How to make Hive run faster 07/13 Update SLTechnology News&Howtos

How to make Hive run faster

2025-07-13 Update From: SLTechnology News&Howtos shulou NAV: SLTechnology News&Howtos > Internet Technology >

Shulou(Shulou.com)06/01 Report--

This article is about how to make Hive run faster. The editor thinks it is very practical, so share it with you as a reference and follow the editor to have a look.

Hive is not a relational database, but it pretends to be one of most cases. It has tables, runs SQL, and supports JDBC and ODBC.

This revelation is good and bad news: Hive does not run the query database mode. It's a long story, but I spent more than 80 hours adjusting Hive myself during the work week. Needless to say, I don't have to have a headache anymore. So, for your benefit, here are some suggestions to make your Hive project run a little faster than mine.

1. Do not use MapReduce

Do you believe in Tez,Spark or Impala, but not MapReduce. It's slow, it's even slower than Hive. If you are in Hortonwork distribution, you can type set hive.execution.engine=tez at the top of the script

Use Impala. I hope to set up hive.execution.engine=spark when your impala is no longer appropriate

2. Do not pair strings in SQL

Note that, especially in Hive, if you pair strings where they are supposed to be clauses, a cross product warning will be generated. If you have a query that runs in seconds, match a string that takes a few minutes to match. You * choose to use multiple tools that allow you to add search Hadoop. View the Elasticsearch's Hiveintegration or Lucidwork's integration for Solr. Or, where can I find Cloudera Search. RDBMSes is very good at doing this, but Hive is very bad.

3. Do not add a subquery

You create a temporary list and then add a temporary table without asking Hive how to handle subqueries intelligently. Which means don't do it.

It's about doing this.

At this point, it really shouldn't have evolved so fast in Hive, but it usually does.

4. Use Parquet or ORC, but don't turn them into motion

That is to say, relative to Parquet or ORC, for example, TEXTFILE. However, if you have text data coming in and promoting it to become more structured, convert it to the target table. You can't load data from a text file into an ORC, so do the initial load into the text.

If you create other tables, you will eventually fail to run your analysis. Do ORCing there, because it takes time to switch to ORC or Parquet, and it's not worth the steps of your ETL process. If you have a simple flat file in, and do not make any adjustments. Then you are loaded into a temporary table and choose to create an ORC or Parquet. I don't envy you because it's really slow.

5. Try to turn vectorization on or off

Increase

At the top of your script.
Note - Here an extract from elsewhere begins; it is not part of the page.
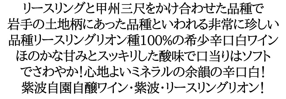 紫波自園自醸ワイン 紫波(しわ) N.V 【タイプ】 白・やや辛口 【酸味】 程よい 【アルコール分】 10度 【葡萄品種】 リースリングリオン 【葡萄産地】 岩手県紫波町 【瓶栓種】コルク栓 【商品特徴】 青りんごや柑橘系のフルーツの香りがあり、ほのかな甘みとスッキリとした酸味で、口当たりはソフトで爽やかです。 白身魚、海老フライ、天ぷらとの相性も良好。夏にはきりっと冷やして、塩ゆでした枝豆にもおすすめ。

Try to turn them on or off because there seems to be something wrong with vectorization in the new version of Hive.

6. Do not use structure to join

I have to admit that the SQL grammar of my original brain is still the SQL-92 era, so I am not inclined to use structures anyway. But if you do something like super-repetitive to the compound PKS clause, the structure is convenient. Unfortunately, Hive separates them-- especially in clauses, and of course, it doesn't do this in smaller datasets, nor does it produce any wrong timing. In the absolute forbidden zone, you get an interesting vector error. This restriction is that there is no record of anything I know. Think of this as an orderly way to understand the internal structure of your execution engine!

7. Check the size of the container

You may need to increase the size of your container for Impala or Tez. In addition, the "recommended" size may not apply to your system if you have a larger node size. You may want to make sure that your YARN queue and general YARN memory are appropriate. You may also want to pin it to something that is not the default queue used by everyone.

8. Start statistics

Hive does have something stupid to add unless the data starts up. You may also want to use query prompts in Impala.

9. Consider Mapjoin optimization

If you explain the query, you may find that the recent version of Hive is smart enough to apply optimization automatically. But you need to adjust them.

10. If possible, put * 's table on *.

11. Distinguish your friends. Uh.

If you have an item in many clauses, such as a date (but not an ideal range) or a repeating position, you may have your distinguishing key! Partition basically means "split into its own directory," which means that instead of looking for a large file, Hive looks at a file because you use your join/where clause to make you only look at location='NC', which is one of your small datasets. In addition, unlike column values, you can push partitions in the load data report. Remember, however, that HDFS doesn't like small documents.

12. Comparison of using hash table columns

If you compare the same 10 fields in each query, consider using () comparison summary. These are sometimes very useful, and you may put them in an output table. Note that Hive0.12 is low resolution, but the better available value is 0.13.

Thank you for reading! This is the end of the article on "how to make Hive run faster". I hope the above content can be of some help to you, so that you can learn more knowledge. if you think the article is good, you can share it for more people to see!

Welcome to subscribe "Shulou Technology Information " to get latest news, interesting things and hot topics in the IT industry, and controls the hottest and latest Internet news, technology news and IT industry trends.

*The comments in the above article only represent the author's personal views and do not represent the views and positions of this website. If you have more insights, please feel free to contribute and share.